体験場所:東京都練馬区の某踏切
15年前、都内の会社に勤めていた頃に、同僚から聞いた話です。
ある日の昼休み、数人で昼食を食べている時、霊感が強いと噂される同僚のA子が奇妙な話を始めました。
「実はさ、この前、踏切で霊に話しかけられたの。」
その踏切とは、練馬区のとある駅の横にある踏切で、当時の私は数年前までそのすぐ近くの部屋に住んでいたので、少しゾクリとしました。
斜めに渡る形のその踏切は幅が広く、警報器が鳴り始めたら急いで渡らなければいけません。
それでもひっきりなしに人が行き交う踏切で、頻繁に電車も通過していたので人身事故も少なくなかったように記憶しています。
そんなことを思い返しながらふと我に返ると、A子の話をみんなが固唾を飲んで聞いていました。
その日の夕方、A子はその踏切で遮断機が上がるのを待っていたそうです。
他にも沢山の人が列車の通過を待っていて、踏切の向こう側にも大勢の人がいたそうです。
その人込みの中に、『何かいる』とA子は感じたのだと言います。
ですが、少し視力が弱いA子には、大勢の群衆の顔を見分けることも出来ず、あえて気が付かなかった事にしたのだそうです。
しばらくして轟音と共に電車が通過し、ゆっくりと遮断機が上がりました。
一斉に踏切の中に通行客が踏み入る中、A子も人込みをかき分け踏切を渡り始めました。
その直後、踏切の向こう側から、人ではない何かが近付いて来るとA子は感じたそうです。
動揺した彼女は、次々とすれ違う人々に怯えながら慎重に前に進みました。
仕事帰りのサラリーマンや学生、自転車に乗った人やベビーカーを押す人など、沢山の人とすれ違いながらA子は強い不安を感じていました。
次の瞬間、それが人ではないと分かったそうです。
前から近付いて来たそれは、ぼんやりと掠れて見え、黒い服装のどうやら男性だったと言います。
(私は知らない、見えない、聞こえない)
A子はそう何度も念じながら、前から近付いて来る男といよいよすれ違った次の瞬間、
「よくわかったな」
男はA子の耳元でそう囁き通り過ぎて行ったのだそうです。
人ではないとA子が気付いていたことを、男も気付いていたのです。
一瞬、息が止まったように硬直してしまったA子はその直後、一気に雑踏を掻き分け踏切を渡り切ったのだそうです。
「後ろは、振り返らなかったの?」
一緒に話を聞いていた他の同僚が気色ばんでそう聞くと、
「多分、振り返ったら連れて行かれてたと思う。
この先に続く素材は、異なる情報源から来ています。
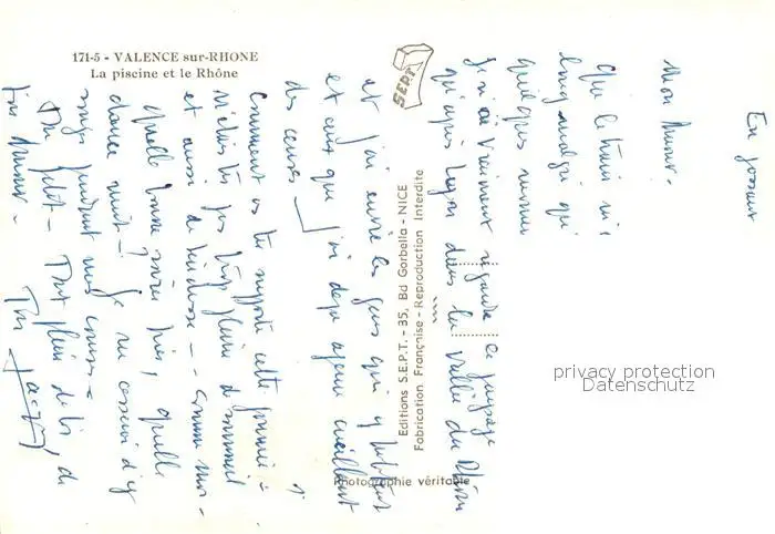 Valence_Drome La piscine et le Rhône Valence_Drome postalisch nicht gelaufen 1921-1965 Erhaltung siehe scans [FriedD77] Frierer

そういう時は絶対に振り返っちゃだめなの!」
と、A子も少し興奮した口調で言います。
その男は踏切事故で亡くなった地縛霊だとA子は断言し、更にこう続けました。
「あの霊は自分が見える人間を探して、見付けると話しかけている。そんな事をずっとあの踏切で続けているんだよ。」
そんな話を聞いてから数年後、私はその踏切の沿線上にある駅の近くに住むことになりました。
電車に乗る時はその踏切を通過する度に、つい電車の通過を待つ人たちを眺めてしまいます。
私には、その誰もが生きている人間にしか見えませんが、もしかするとこの中に、それが混じっているのかもしれないと思うと、私はその踏切を通過する度に心の中で念仏を唱えるようになりました。
どうかその霊が、今は成仏されていますように。